Serotonin 2A Receptor Signaling Underlies LSD-induced Alteration of the Neural Response to Dynamic Changes in Music
Frederick S. Barrett, Katrin H. Preller, Marcus Herdener, Petr Janata and Franz X. Vollenweider
Cerebral Cortex, November 2018, 28, 3939–3950.
doi : 10.1093/cercor/bhx257
Classic psychedelic drugs (serotonin 2A, or 5HT2A, receptor agonists) have notable effects on music listening. In the current report, blood oxygen level-dependent (BOLD) signal was collected during music listening in 25 healthy adults after administration of placebo, lysergic acid diethylamide (LSD), and LSD pretreated with the 5HT2A antagonist ketanserin, to investigate the role of 5HT2A receptor signaling in the neural response to the time-varying tonal structure of music. Tonality-tracking analysis of BOLD data revealed that 5HT2A receptor signaling alters the neural response to music in brain regions supporting basic and higher-level musical and auditory processing, and areas involved in memory, emotion, and self-referential processing.

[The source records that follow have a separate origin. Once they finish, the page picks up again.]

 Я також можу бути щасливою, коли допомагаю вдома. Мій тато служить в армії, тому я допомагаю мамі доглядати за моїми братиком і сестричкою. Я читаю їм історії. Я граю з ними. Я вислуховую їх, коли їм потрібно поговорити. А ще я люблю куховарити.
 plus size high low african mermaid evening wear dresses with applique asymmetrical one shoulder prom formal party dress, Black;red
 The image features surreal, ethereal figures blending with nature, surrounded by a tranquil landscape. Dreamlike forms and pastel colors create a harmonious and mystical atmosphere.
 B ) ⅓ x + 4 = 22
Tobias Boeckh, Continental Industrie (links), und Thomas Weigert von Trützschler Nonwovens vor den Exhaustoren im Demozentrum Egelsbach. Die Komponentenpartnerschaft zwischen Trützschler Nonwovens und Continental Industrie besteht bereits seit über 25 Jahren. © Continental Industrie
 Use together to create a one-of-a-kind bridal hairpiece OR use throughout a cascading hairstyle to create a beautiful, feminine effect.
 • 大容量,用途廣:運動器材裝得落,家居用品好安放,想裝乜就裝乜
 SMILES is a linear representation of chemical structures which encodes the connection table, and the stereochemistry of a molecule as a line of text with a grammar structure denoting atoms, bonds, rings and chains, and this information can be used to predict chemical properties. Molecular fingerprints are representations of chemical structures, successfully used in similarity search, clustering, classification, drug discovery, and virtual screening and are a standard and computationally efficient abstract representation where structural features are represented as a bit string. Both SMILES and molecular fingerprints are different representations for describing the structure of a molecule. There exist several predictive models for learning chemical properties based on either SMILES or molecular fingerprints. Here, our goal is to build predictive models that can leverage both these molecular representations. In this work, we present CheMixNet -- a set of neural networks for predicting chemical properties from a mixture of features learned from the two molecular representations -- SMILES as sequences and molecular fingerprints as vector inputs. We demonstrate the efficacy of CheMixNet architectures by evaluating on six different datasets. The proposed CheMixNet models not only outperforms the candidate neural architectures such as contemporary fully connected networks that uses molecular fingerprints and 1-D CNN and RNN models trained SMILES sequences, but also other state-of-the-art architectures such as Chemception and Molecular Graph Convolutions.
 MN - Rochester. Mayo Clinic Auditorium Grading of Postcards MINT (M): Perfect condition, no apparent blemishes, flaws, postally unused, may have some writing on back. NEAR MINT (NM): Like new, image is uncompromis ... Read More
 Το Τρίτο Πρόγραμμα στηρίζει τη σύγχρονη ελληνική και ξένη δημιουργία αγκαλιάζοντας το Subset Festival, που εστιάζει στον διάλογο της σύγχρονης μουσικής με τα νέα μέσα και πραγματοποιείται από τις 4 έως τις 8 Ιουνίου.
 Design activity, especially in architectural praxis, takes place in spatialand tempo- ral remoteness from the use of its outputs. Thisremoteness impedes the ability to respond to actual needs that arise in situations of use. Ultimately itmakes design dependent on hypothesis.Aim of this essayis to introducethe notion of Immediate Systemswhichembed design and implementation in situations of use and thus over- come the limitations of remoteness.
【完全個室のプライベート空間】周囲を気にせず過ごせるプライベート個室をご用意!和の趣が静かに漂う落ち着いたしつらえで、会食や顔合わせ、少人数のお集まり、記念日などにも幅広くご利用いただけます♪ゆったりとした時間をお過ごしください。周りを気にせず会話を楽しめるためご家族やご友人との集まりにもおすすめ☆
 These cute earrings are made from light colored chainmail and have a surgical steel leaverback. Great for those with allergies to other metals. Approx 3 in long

This suggests a critical role of 5HT2A receptor signaling in supporting the neural tracking of dynamic tonal structure in music, as well as in supporting the associated increases in emotionality, connectedness, and meaningfulness in response to music that are commonly observed after the administration of LSD and other psychedelics. Together, these findings inform the neuropsychopharmacology of music perception and cognition, meaningful music listening experiences, and altered perception of music during psychedelic experiences.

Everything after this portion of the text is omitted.